では、実際にどのような方法で逸失利益は計算されるのでしょうか。

計算式としては以下のようになります。

逸失利益=基礎収入額×(1-生活費控除率)×就労可能年数に対応するライプニッツ係数

 

生活費控除率というのは、死亡によって生活費が不要になるためその分を控除するために設けられた数値です。被害者が一家の大黒柱であったか等によって異なりますが、大体50%~30%間で計算されます。

 

最後にライプニッツ係数とは何かと思われるでしょうがこれについては非常に複雑で説明すると非常に長くなってしまうので割愛させて頂きます。一応就労可能年数ごとに保険会社などで決めた係数がインターネットなどでも公表されておりますので、詳細はそちらをご参照ください。

さて、逸失利益の計算を見て頂ければお分かりの通り、基本的にはその人の収入額に対して残りの就労可能と思われる期間をかけたものが数字の根拠になっています。

したがって、収入の高い方を交通事故で死亡させてしまったようなケースでは非常に高額な逸失利益が発生することになります。

例えば、事故当時年収1000万円、52歳の会社員が妻子を残して死亡してしまったようなケースでは、

基礎収入1000万円、生活費控除率30%、労働能力喪失期間(67歳までの年数=15年)に対応するライプニッツ係数10.380で計算されることになるため、

逸失利益=基礎収入×(1-生活費控除率)×ライプニッツ係数

    =1,0000000×(1-0.3)×10.380

    =72,660,000

つまり7266万円がこの場合の逸失利益となります。

 

②死亡慰謝料

逸失利益と並んで死亡事故の場合に大きな割合を占めるのが死亡慰謝料です。死亡慰謝料は、被害者が死亡したときに遺族の方に支払われる慰謝料です。
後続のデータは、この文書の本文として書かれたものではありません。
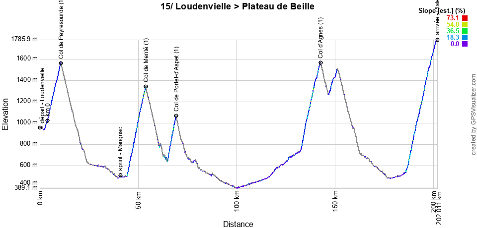 - Plateau de Beille (outside category) at km 197.7 - ^ 1780 m / 15.8 km at 7.9%.

被害者が死んでいるのに何故慰謝料が発生するのか不自然に思う方もいるかもしれませんが、被害者の方は死亡する瞬間に強い不安感や恐怖感を感じていると考えられるので、被害者に対して慰謝料が発生すると考えられています。 こうして発生した慰謝料を遺族の方が相続するので、慰謝料請求ができると考えられています。

相続により請求することになるため、被害者と一定の関係にある親族しか請求することができません。具体的には①被害者の配偶者との子、②被害者の配偶者、③被害者の直系尊属(両親など)④被害者の兄弟姉妹等に限定されます。

 

その他の死亡事故の場合の問題

死亡自己特有の問題としては、事故の処理を進めていく必要がある一方で被害者の方の相続を進めていかなければならないという問題もあります。特に死亡から一定期間が経過してしまうと、全てを無条件で相続することになってしまうため借金などがあった場合には、予期せぬ借金まで相続することになってしまいます。

死亡事故の場合にはこうした借金問題と併せて解決する必要があるため、早い段階で専門家へご相談されることをおすすめします。